An organism is collected, studied by (let’s say it’s a spider) an arachnologist, who determines that it is unlike anything else described so far. He writes a description and puts forward a name, publishes it, get’s peer reviewed, and assuming it is accepted widely enough, that taxa becomes associated with that specimen. When we ID some other specimen, we are saying that we think it is most like that individual specimen than any other that has been described so far. For many species, there is such a large amount of variation that it is easy to find examples that are on the cusp of two different species, or show characters of more than one species. Then also factor in that some early descriptions (1700s and 1800s) were made when what constitutes a new species was not fully understood. Early spider descriptions, for example, did not take into account internal genitalic characters, which according to current taxonomic understanding holds far more weight on species differentiation than any somatic characters do. Yes, often those somatic characters are enough to differentiate, but not always. Then also factor in that many identifiers are not working from primary literature, but from guidebooks written by knowledgeable people that are unfortunately human, and capable of making mistakes (or having used now out of date literature!). Then also factor in taxonomic changes that have occurred due to new species discoveries that change our understandings, and also factor in new technologies of dna that are dramatically altering the taxonomic landscape at an ever increasing rate. Then also factor in taxonomic authorities that might differ from one another in terms of what taxa they accept as valid…
I used to be like that too… but now not so much. There have been taxa that I have researched deeply, and I believe I have a good understanding of them, and when I see the (according to my interpretation) “incorrect” IDs, I just copy and paste my standard comment about them, and leave it up to the observers and other IDers to make up their own minds.

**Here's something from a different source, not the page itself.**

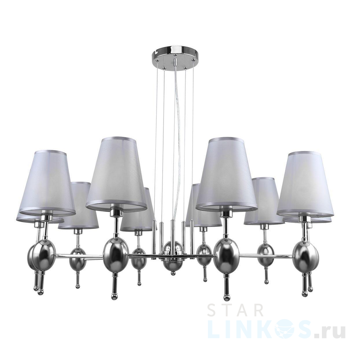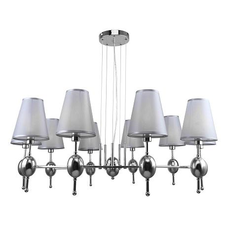 Поставщик рекомендует использовать лампы накаливания с цоколем E14 для освещения площади 25 м2. Подвесная люстра Escada Elegy 2106/10S в используется в интерьере гостиной с установкой на потолок.

Think of it as a “leap of faith” :)
well, you know, I understand.
When you are a nurse in a hospital and you see loads of people dying suffering either you quit or become insensitive and you wonder why a person is taking so much to quit.
But that is different.
I have read so many times these days that iNaturalist is not a platform for scientists, I hope we are not using the intricacies of the evolution of Science studies for argument now.

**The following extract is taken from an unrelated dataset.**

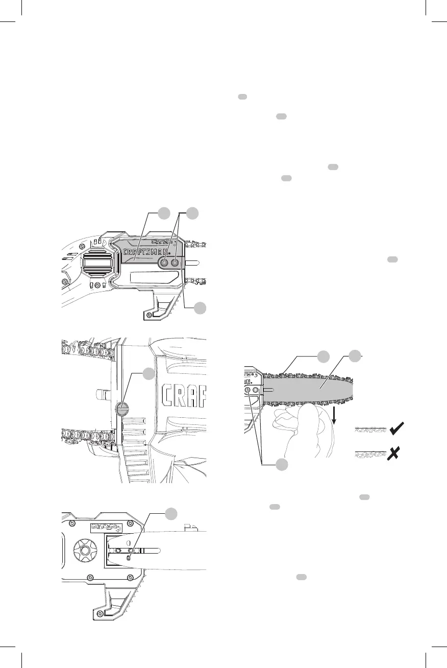6. Cuando la cadena de sierra es nueva, verifique la tensión
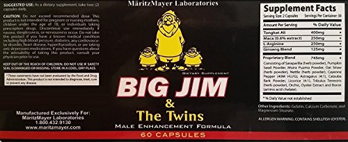 Xtreme Testrone :Originally used for body builders and weight lifters, Extreme Testrone will help to promote vim, vigor and vitality as well as dramatically increasing sexual function, energy, endurance and stamina. Extreme Testrone will also increase natural testosterone production increasing your strength and stamina. This combination of all natural ingredients is specifically designed to work synergistically with your body's natural testosterone production for maximum benefit and gain. Big Jim & The Twins: This is a potent male enhancement formula fortified with powerful ingredients designed to promote sexual health including Tongkat Ali, Maca, L-Arginine, Ginseng Blend, Proprietary Blend: Saraparilla, Pumpkin Seed Powder, Muira Puama Powder, Oat Straw, Nettle, Cayenne Pepper, Astragalus, Catuaba Bark Powder, Licorice, Tribulus Terrestris, Orchis, Oyster Extract, and Boron.Feature

Because either we believe that science is a useless exercise since everything can be revised (and scientist are just there to get a living) or we do not engage in that intricacy and we stick to the current knowledge. After all I think that the tools used in iNat to reclassify prove that identification has got a value. Otherwise I’d expect that the old identifications of reclassified taxas would just be flushed dow the drain.
Let’s not be nihilists. Science evolves in pair with human tools and knowledge, it’s a part of business. That should not surprise.
We should not fall in the old dichotomy of either I get 100% perfection or it does not worth while engaging at all.
That’s why I believe a lot of us are around and spend time on IDs. It’s the only sensible way to understand and investigate what we’re talking about and navigate the natural world. Valuable.
Let’s try to make the best of this time making them as accurate as possible.
on the topic of accuracy, let’s not forget (I remembered this morning trying some IDs) that carelessly identifying is obviously muddling the set of pictures which represent a taxa, making idendification harder and pushing people to lose trust (since there is the phenomenon of “thank you [I agree]” or, don’t know but want Research grade).
I realized this morning browsing difficult stuff, like mosses.
Obviously people do IDs according to their current knowledge, nothing wrong about that - but I feel that ID maintenance should be part of the package they subscribe when they ID. My view, of course.
And that’s not a duty, but a perk.
I feel like identifying is like subscribing to a thread of knowledge which goes both ways, not like throwing a stone in a pond.